I have been asked this question many times and with the war on both cost of drugs and the war on cash, I thought this might be helpful to put some links in as a reference. Granted all the drugs you need won’t be on the lists perhaps, but there’s enough of them that cover a lot of what is commonly prescribed.
You want to make sure that you do not show the insurance or pharmacy benefit manager credentials as something might go a bit awry in the processing of your prescription. Some of the stores now have a pretty big reporting system that track when you fill your prescription, how you pay for it (those eternal credit card records that are bought and sold) and more. I’ll put links at the bottom of this post that will explain how that work with selling your prescription data and “scoring” you for “predictive” medication adherence, a very flawed program out there.

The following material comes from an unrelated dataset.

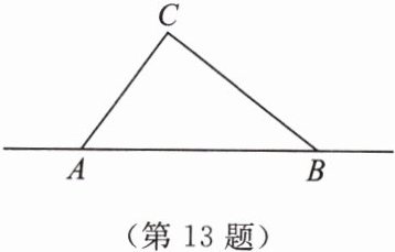 13. 台风是一种自然灾害,有极强的破坏力。如图,台风中心沿东西方向由点$A向点B$移动,已知点$C$为一海港,且$AC = 300km$,$BC = 400km$,$AB = 500km$,台风中心的移动速度为$25km/h$。经测量,距离台风中心$260km$及以内的地区会受到影响。海港$C$会受到台风影响吗?若会受到台风影响,请求出受影响的时间有多长;若不会受到台风影响,请说明理由。
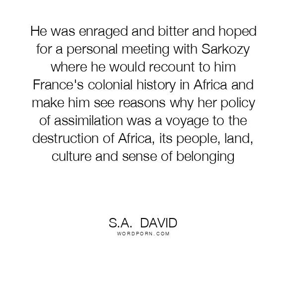 He was enraged and bitter and hoped for a personal meeting with Sarkozy where he would recount to him France's colonial history in Africa and make him see reasons why her policy of assimilation was a voyage to the destruction of Africa, its people, land, culture and sense of belonging

Filling your prescriptions using Cash and without any access to your insurance and pharmacy benefit manager can actually save you money as the co-pays from the PBMs are higher than the generic prices listed here. These are the latest updates I could find and some do change from time to time.
Wal-Mart has a ton of $4.00 and $10.00 prescriptions, go get your prescription filled and no questions asked.
Sam’s Club, also a part of Wal-Mart offers the $4.00 and $10.00 prescriptions. You need to be a member and pay an annual fee, but they do have some “free” prescriptions available as well.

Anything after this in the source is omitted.